WHAT YOU NEED TO DO: Each entry should be given again exactly, with any image left out.

RECORDS:
────

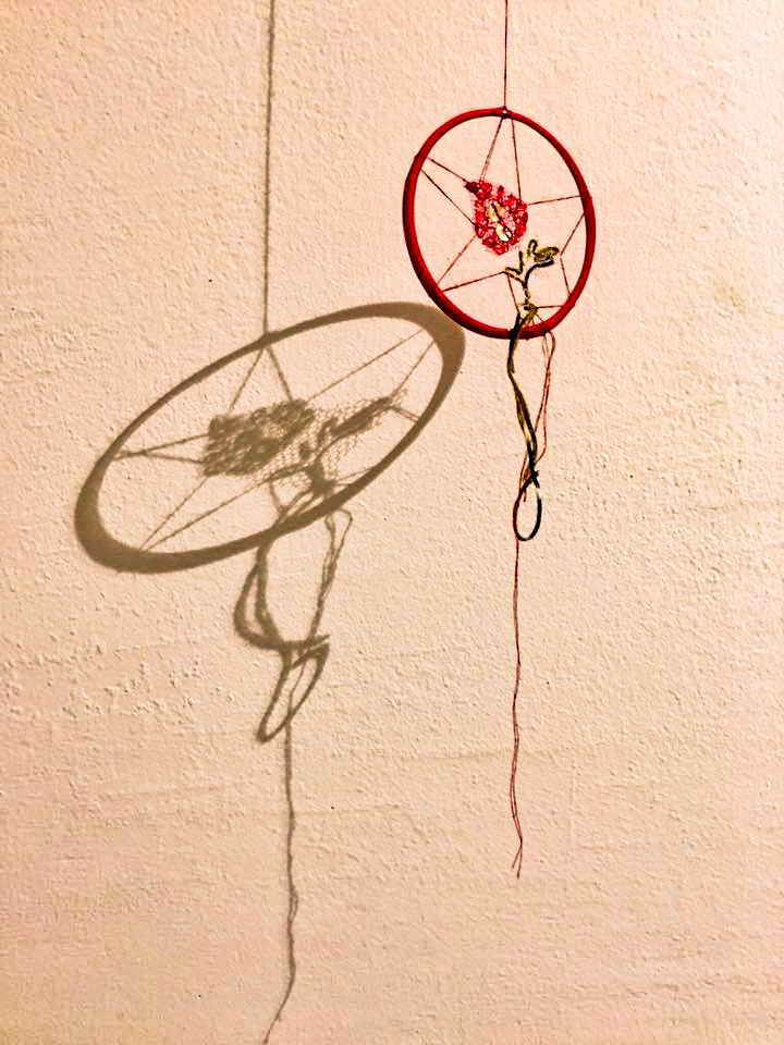 The thread dives into a dye and dries the colour on its skin; it boards into a loom and gets reading to be fabric. The spindle whirls. The shuttle runs. The loom swooshes, clacks, and swishes. It feels becoming dot, line, square, leaf, tree, beast, birds and so on. Yarns continue to twist and bend, but yet to find its end and embrace the cadence. Hitherto, the yarns quietly move with the shuttle, spindle and loom to feel an arrival of the fabric...
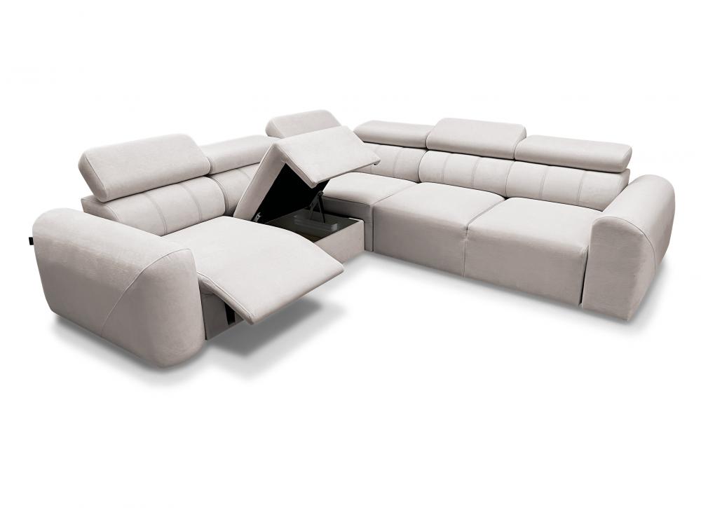AMADEUSZ 3 MIX to nie tylko funkcja spania, ale także szereg udogodnień. Narożnik wyposażony został w elektrycznie rozkładany podnóżek, który pozwala na jeszcze większy relaks, a także w pojemny schowek na pościel, pomagający utrzymać porządek. Dodatkowym atutem jest aż 6 regulowanych zagłówków, które można dopasować indywidualnie do swoich potrzeb.
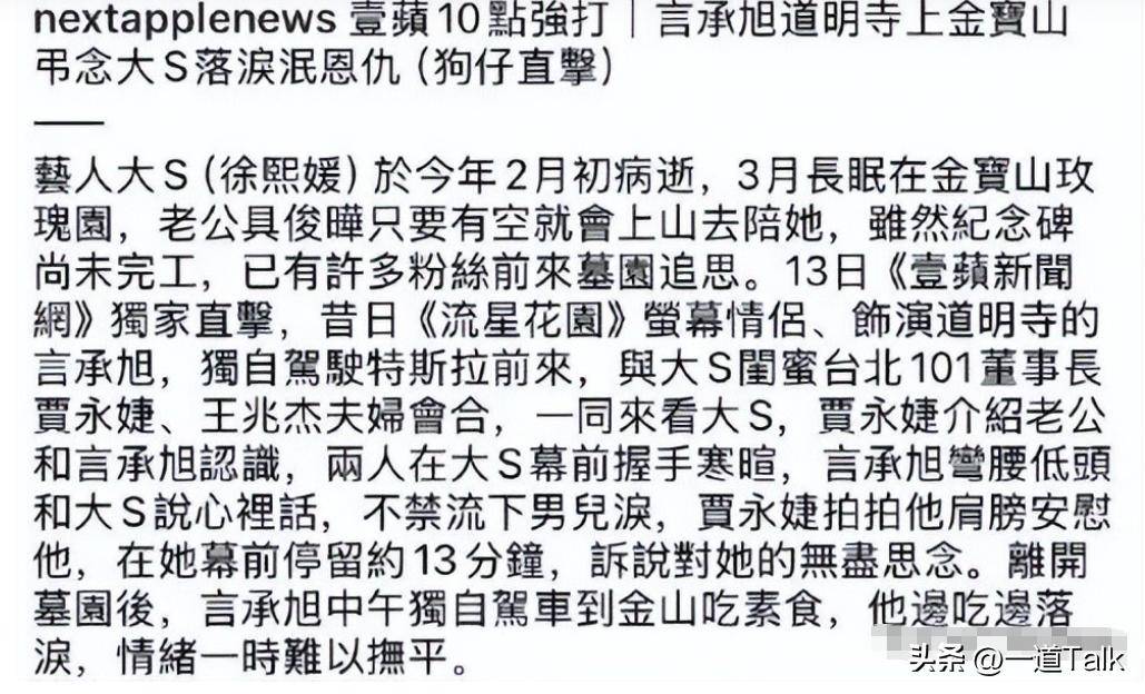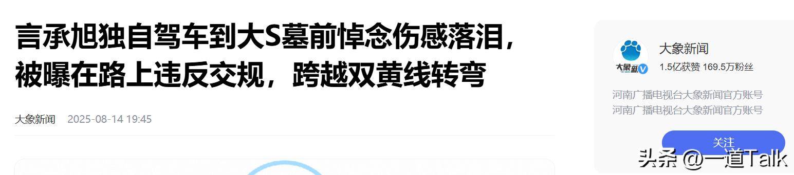 [1].官方媒体大象新闻《言承旭独自驾车到大S墓前悼念伤感落泪,被曝在路上违反交规,跨越双黄线转弯》2025.08.14
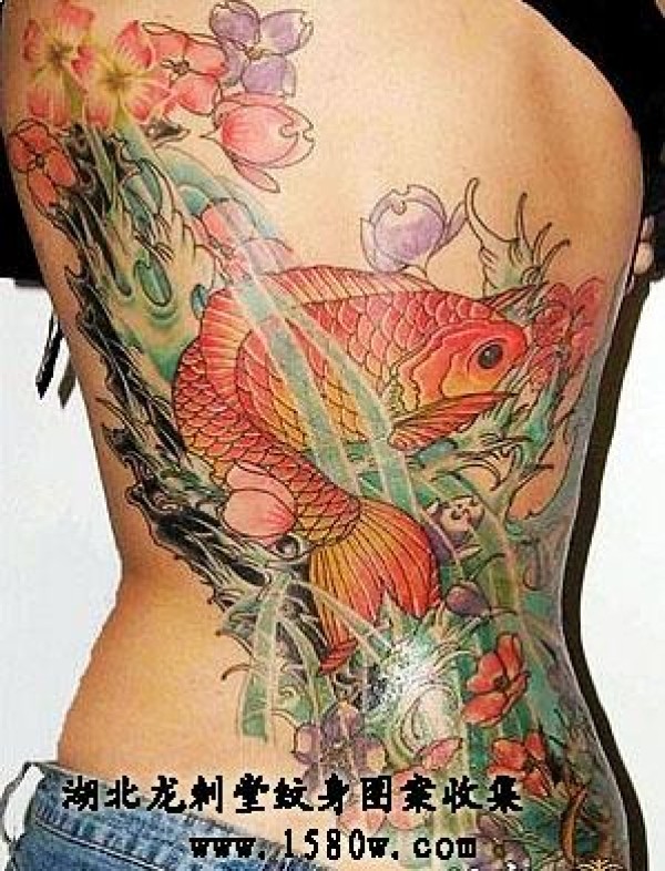 满背鲤鱼莲花纹身图案_鲤鱼纹身图案大全_纹身图吧
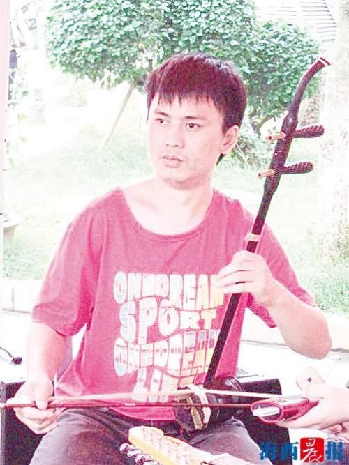 大山自学二胡,丰富自己的人生。
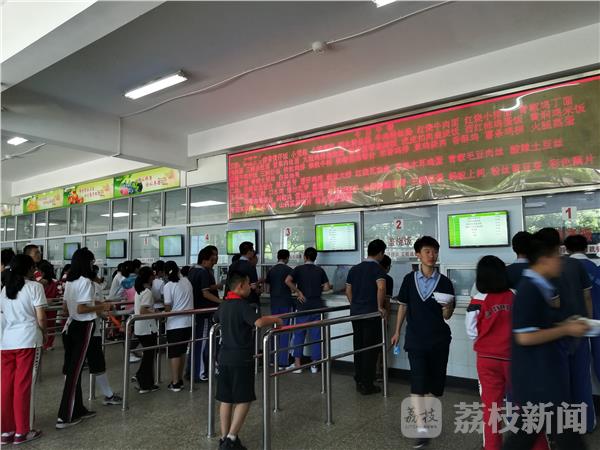 正值饭点,南京金陵中学河西分校的餐厅里人头攒动,校内的小学、初中、高中共计6000多名学生都在这里用餐。学生们表示,除了菜品丰富,价格也实惠,一大荤4块5,中荤3块5,小荤1块5,素菜1块,基本上10块钱就能吃饱吃好。

────

RESPONSE FOR THIS EXERCISE:
 The thread dives into a dye and dries the colour on its skin; it boards into a loom and gets reading to be fabric. The spindle whirls. The shuttle runs. The loom swooshes, clacks, and swishes. It feels becoming dot, line, square, leaf, tree, beast, birds and so on. Yarns continue to twist and bend, but yet to find its end and embrace the cadence. Hitherto, the yarns quietly move with the shuttle, spindle and loom to feel an arrival of the fabric...
AMADEUSZ 3 MIX to nie tylko funkcja spania, ale także szereg udogodnień. Narożnik wyposażony został w elektrycznie rozkładany podnóżek, który pozwala na jeszcze większy relaks, a także w pojemny schowek na pościel, pomagający utrzymać porządek. Dodatkowym atutem jest aż 6 regulowanych zagłówków, które można dopasować indywidualnie do swoich potrzeb.
 [1].官方媒体大象新闻《言承旭独自驾车到大S墓前悼念伤感落泪,被曝在路上违反交规,跨越双黄线转弯》2025.08.14
 满背鲤鱼莲花纹身图案_鲤鱼纹身图案大全_纹身图吧
 大山自学二胡,丰富自己的人生。
 正值饭点,南京金陵中学河西分校的餐厅里人头攒动,校内的小学、初中、高中共计6000多名学生都在这里用餐。学生们表示,除了菜品丰富,价格也实惠,一大荤4块5,中荤3块5,小荤1块5,素菜1块,基本上10块钱就能吃饱吃好。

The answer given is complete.